Transcribe each line of the material as it is, and drop any picture.

- - - - - - -

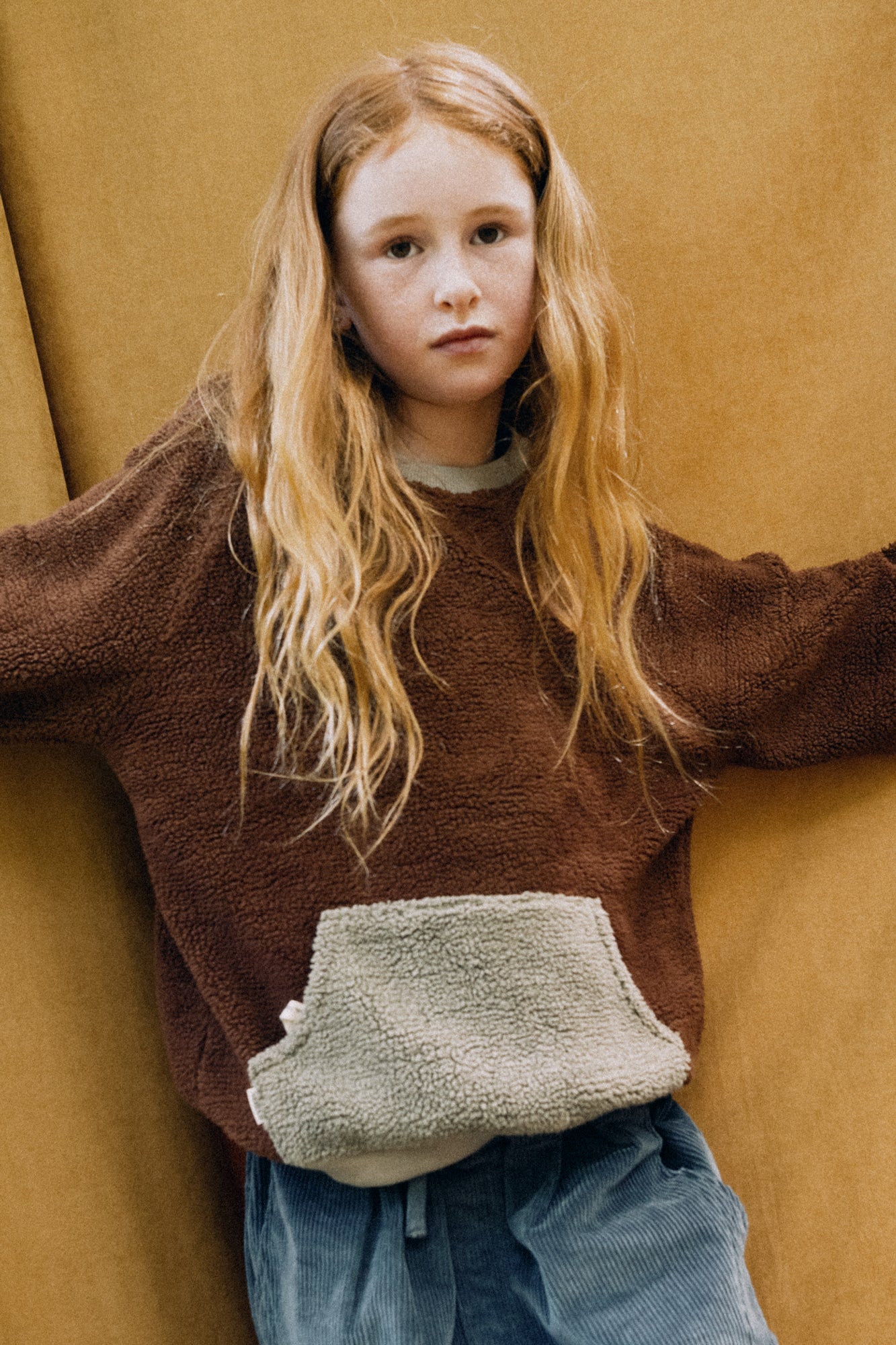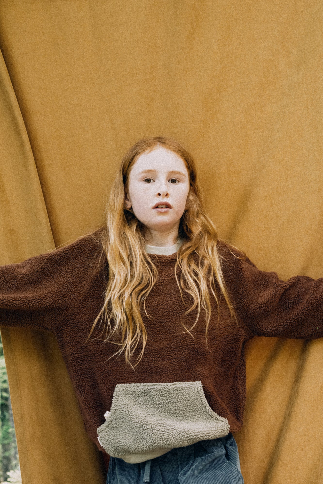 This Sherpa Sweatshirt is the perfect piece for winter—warm, cozy, and designed with care for your little one’s comfort. With a relaxed fit, dropped shoulders, and soft ribbing at the cuffs and hem, it’s made to support free movement and growth. Crafted from 100% GOTS-certified organic cotton Sherpa, the fabric is thick yet lightweight, offering warmth without weighing them down. All our garments are toxin-free and hypoallergenic, carefully crafted to protect and respect your little one’s delicate skin. Brown evokes warmth, connection to the earth, and stability. A cozy and timeless shade that brings balance and depth to any look.
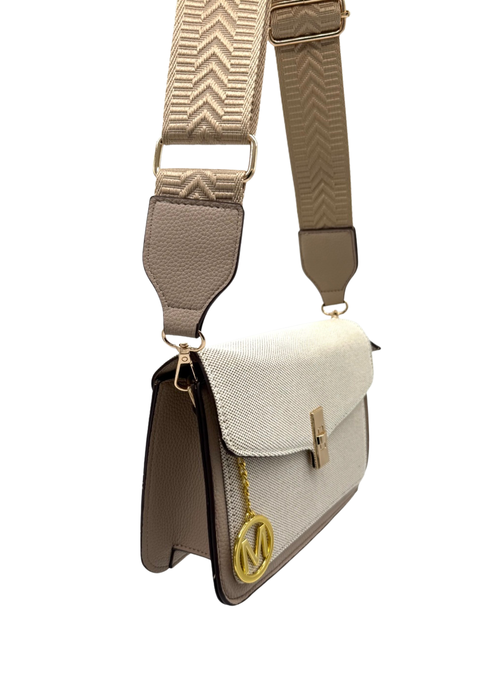 - Ecoleather τσάντα σε mud απόχρωση με υφασμάτινη λεπτομέρεια
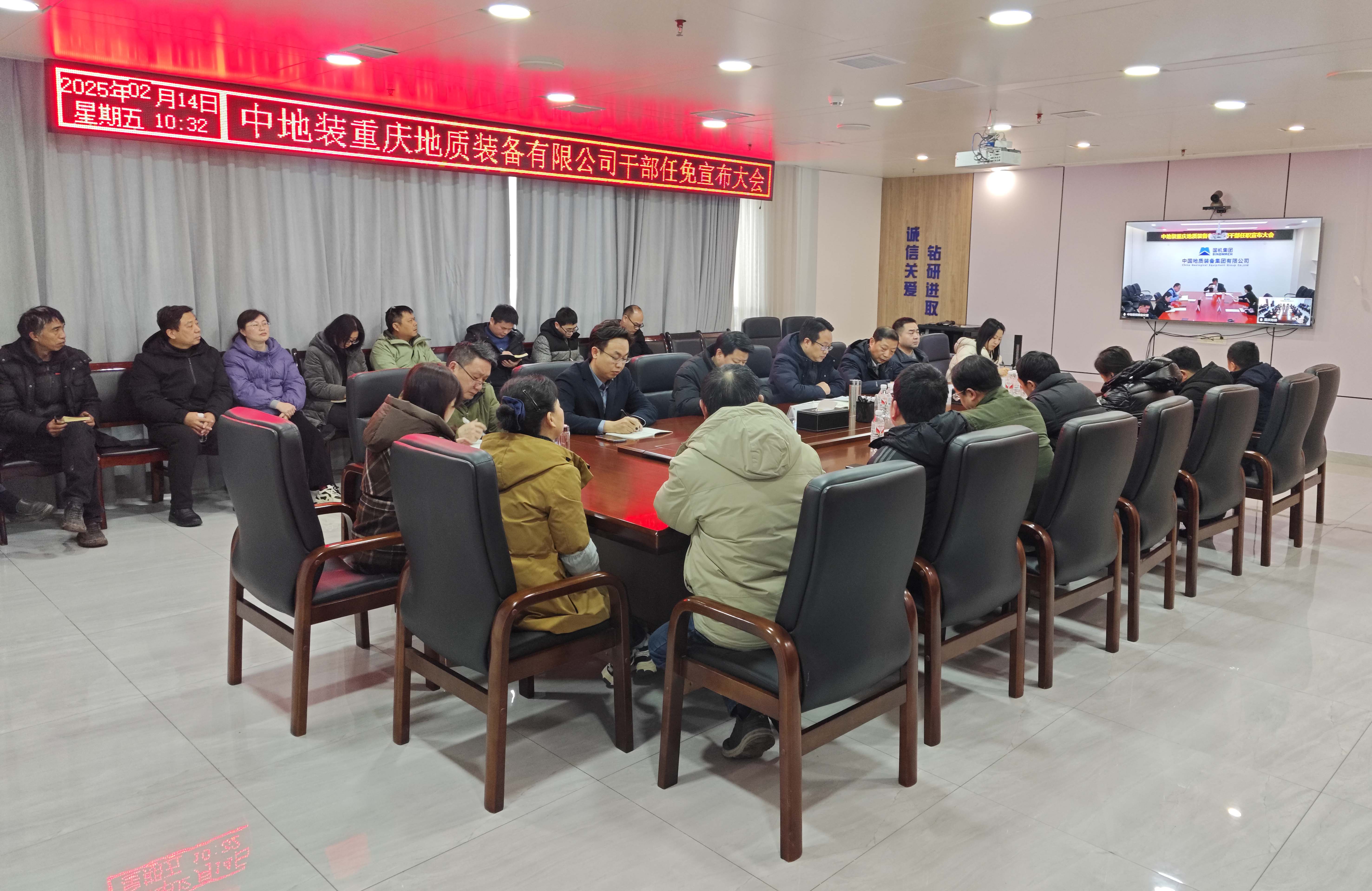 2025年2月14日,中地裝集團(tuán)召開在渝企業(yè)整合及干部任職宣布大會(huì)。本次會(huì)議召開標(biāo)志著原重探公司、重儀公司、重慶地裝三家在渝企業(yè)正式全面整合。整合后新公司名稱為:中地裝重慶地質(zhì)裝備有限公司(簡(jiǎn)稱:重慶地裝)。
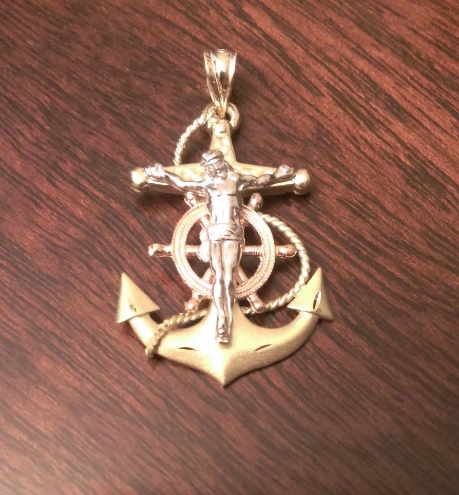 Mariners cross pendant clearance, 14K SOLID GOLD TRI-COLOR MARINER'S ANCHOR CRUCIFIX CROSS CHARM PENDANT 1.5" INCH | eBay clearance
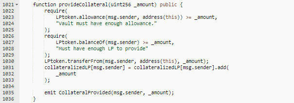 然后,将所获的LP代币抵押在Warp Finance合约中,交易及代码如下图:
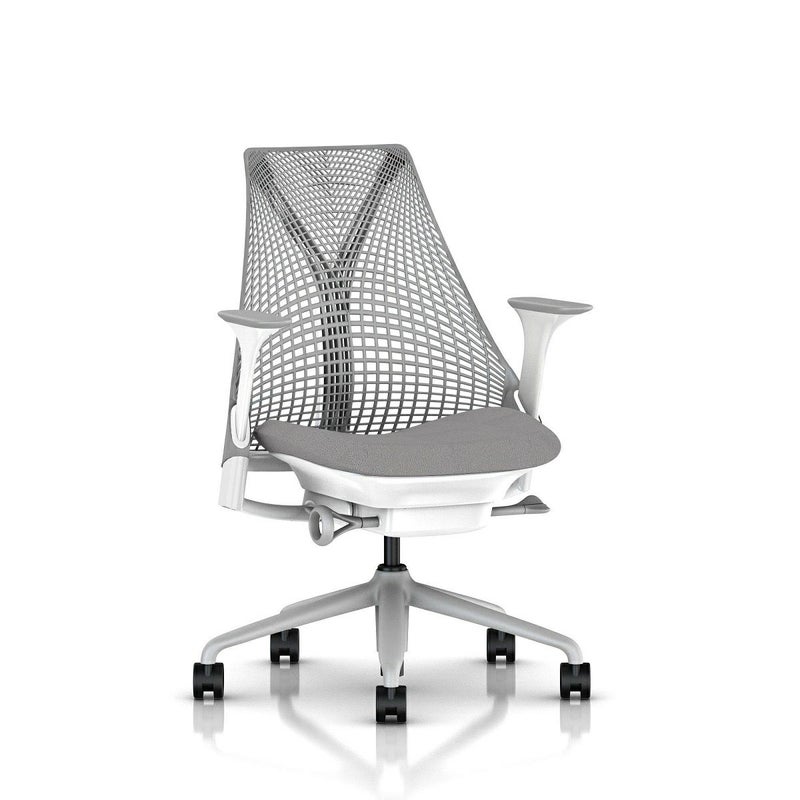セイルチェア セイルチェア アーム:アジャスタブルアーム/サポートオプション:ランバーサポートなし/ベース&フレーム:フォグベース、ホワイトフレーム/堅床・カーペット用キャスター/サスペンションフィニッシュ:フォグ/アームフィニッシュ:フォグ/張地:ファブリック(メドレー:バイユー)

- - - - - - -

**Answer to this exercise**
 This Sherpa Sweatshirt is the perfect piece for winter—warm, cozy, and designed with care for your little one’s comfort. With a relaxed fit, dropped shoulders, and soft ribbing at the cuffs and hem, it’s made to support free movement and growth. Crafted from 100% GOTS-certified organic cotton Sherpa, the fabric is thick yet lightweight, offering warmth without weighing them down. All our garments are toxin-free and hypoallergenic, carefully crafted to protect and respect your little one’s delicate skin. Brown evokes warmth, connection to the earth, and stability. A cozy and timeless shade that brings balance and depth to any look.
 - Ecoleather τσάντα σε mud απόχρωση με υφασμάτινη λεπτομέρεια
 2025年2月14日,中地裝集團(tuán)召開在渝企業(yè)整合及干部任職宣布大會(huì)。本次會(huì)議召開標(biāo)志著原重探公司、重儀公司、重慶地裝三家在渝企業(yè)正式全面整合。整合后新公司名稱為:中地裝重慶地質(zhì)裝備有限公司(簡(jiǎn)稱:重慶地裝)。
 Mariners cross pendant clearance, 14K SOLID GOLD TRI-COLOR MARINER'S ANCHOR CRUCIFIX CROSS CHARM PENDANT 1.5" INCH | eBay clearance
 然后,将所获的LP代币抵押在Warp Finance合约中,交易及代码如下图:
セイルチェア セイルチェア アーム:アジャスタブルアーム/サポートオプション:ランバーサポートなし/ベース&フレーム:フォグベース、ホワイトフレーム/堅床・カーペット用キャスター/サスペンションフィニッシュ:フォグ/アームフィニッシュ:フォグ/張地:ファブリック(メドレー:バイユー)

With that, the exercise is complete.